4 Generating blastP results tables
For this, I am doing every cassette against DEFO cassette.
This script was adapted from my analysis of archaeal RDase synteny. It is executed from the folder:
/Dropbox/Projects/DCM/DCM.cassette.synteny/DCM.cassettes.all.proteins/
note that DEFO.faa must be copied into the reference directory for this script to work
makeblastdb -in DEFO.reference/DEFO.faa -parse_seqids \
-dbtype prot
mkdir blast_results
for f in single.cassettes/*
do
name=${f##*/}
blastp -db DEFO.reference/DEFO.faa -query "$f" \
-out blast_results/"${name}.out" \
-outfmt 6 \
-evalue 0.0000000001
done
These results are all placed into directory DCM.cassettes.all.proteins/blast_results (relative to R working directory)
5 Generating synteny plots iteratively
5.1 overview
The plot itself is generated from two objects:
5.1.0.1 dnaseg table
These tables are used by genoplotR to determine where the genes are and in what orientation they lay.
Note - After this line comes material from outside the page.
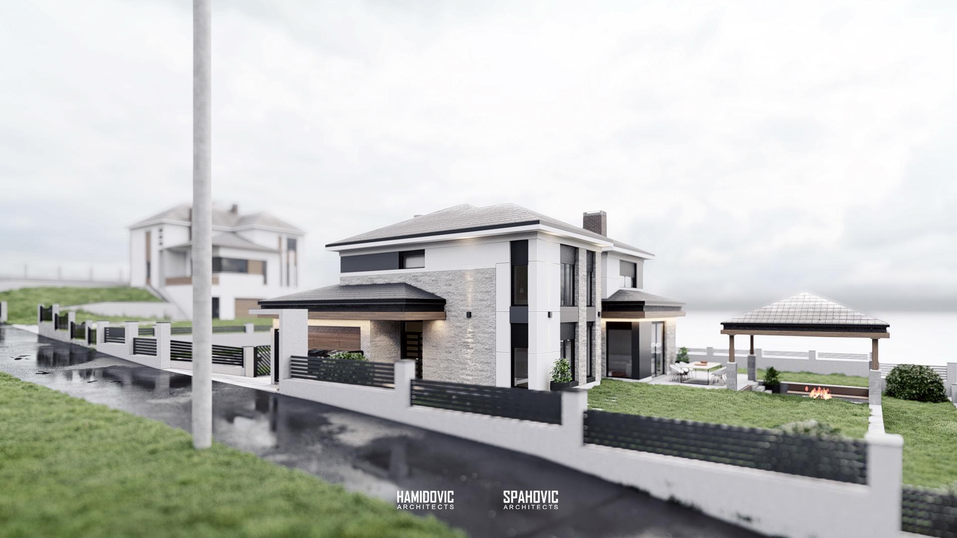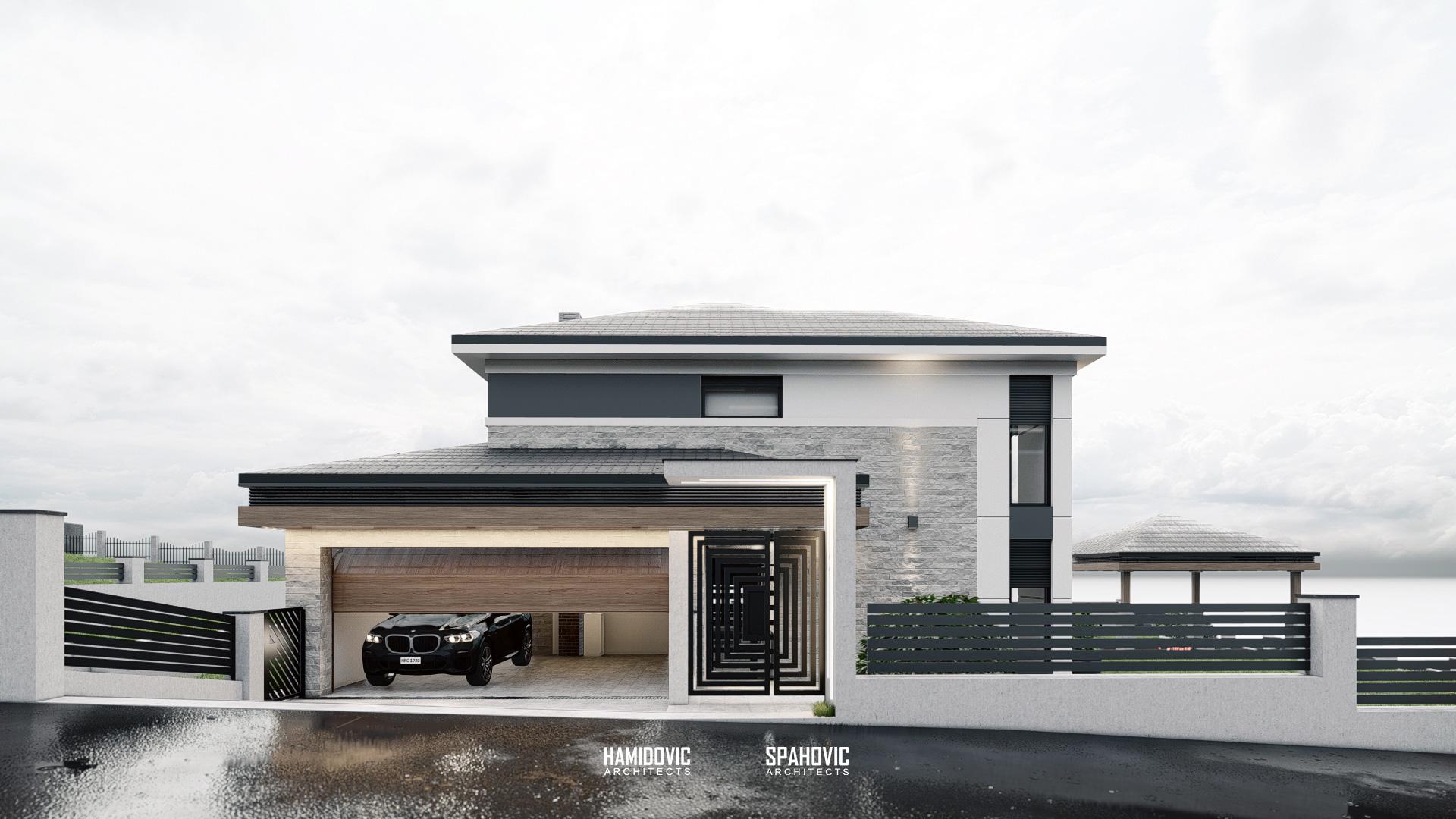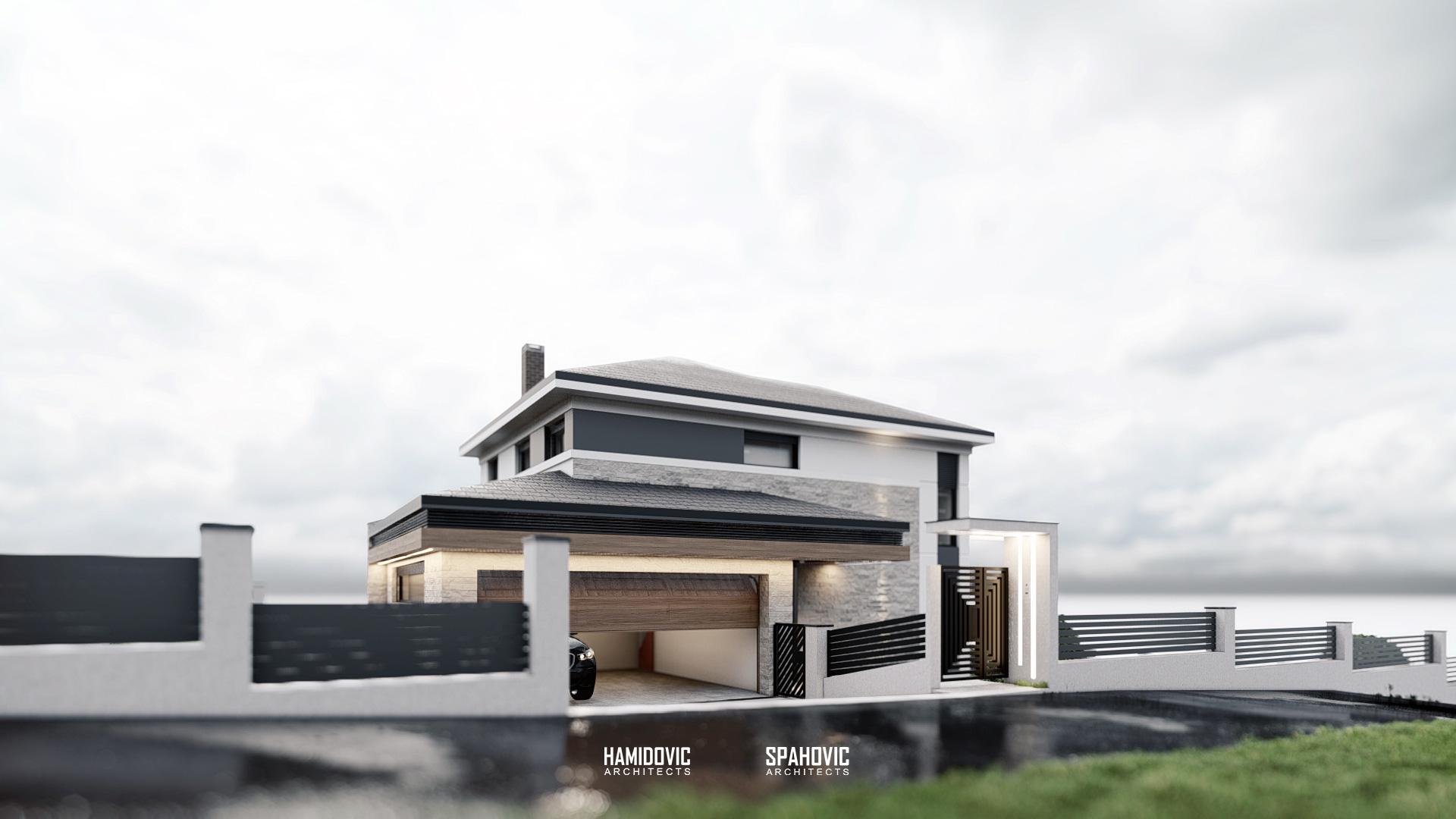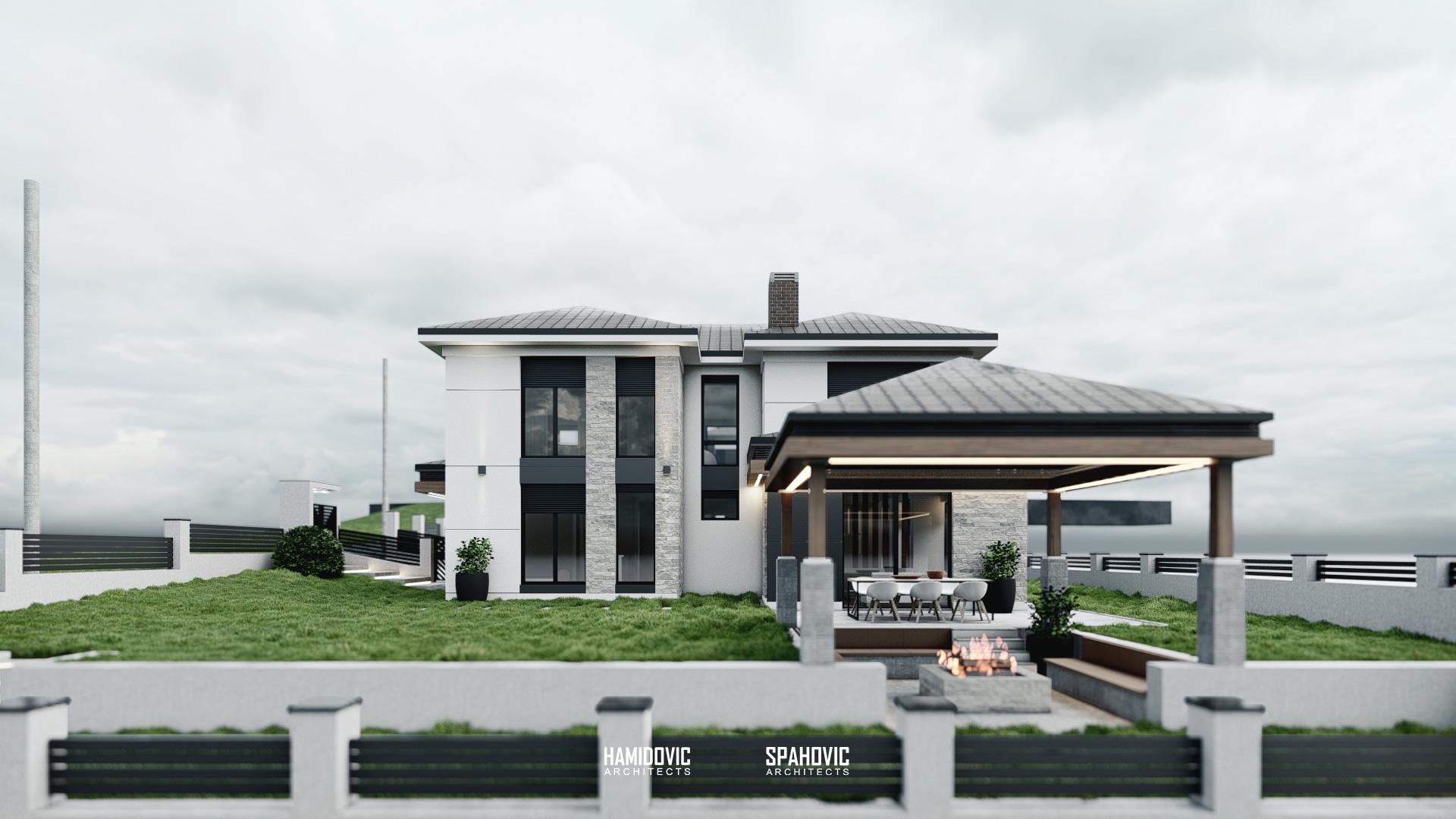 FJZVC | HOUSE is a residential building located in the periphery part of Tutin. It is designed in a modern style using contemporary materials on the facade included wood, metal and stone.

This data is used in combination with the similarity information.
The information needed by this table is: 1. names1 : name of the gene, in this case locus tag (unless I want to go back and change it more agressively) 2. starts1 : start location in DNA 3. ends1 : stop location in DNA 4. strands1 : orientation, + or - 5. cols1 : arbitrary color assignment for the thing, can use some standard colors like “blue” or “grey”, maybe hex codes I am not sure
These will be generated from the gene.info.all table
5.1.0.2 comparison object
This is read from the blast output file.
5.1.1 Merging the two objects
The most important issue is that the blast coordinates are in terms of AA and the gene coordinates are in terms of DNA. This makes for a few problems
- AA coords must be multiplied by 3
- BLAST AA coords must be added to gene coords for this to be workable
Additionally, any cassettes that are in reverse orientation have to be flipped… luckily, DEFO is in + orientation
First, write a script that will make necessary adjustments with a conditional orientation flip.
Some of the scaffolds have genes in multiple orientations. This script detects the “correct” orientation and adjusts accordingly. Correct is defined as the orientation as it matches cmuA, since that was the core of the search..
library(genoPlotR)
#define the cmuA/dcmE gene name; this is used in the conditional flip
core <- "Ga0196314_1154"
#dnaseg generate.. this does not need to be in the loop
cass <- unique(gene.info.all$DCM.cassette)
#reference dnaseg for DEFO
dnaseg.ref <- gene.info.all[gene.info.all$DCM.cassette == "DEFO", ]
names1 <- dnaseg.ref$Locus.Tag
starts1 <- dnaseg.ref$Start.Coord
ends1 <- dnaseg.ref$End.Coord
strands1 <- dnaseg.ref$Strand
cols1 <- "blue"
dnaseg.ref <- data.frame(name=names1, start=starts1, end=ends1, strand=strands1, col=cols1)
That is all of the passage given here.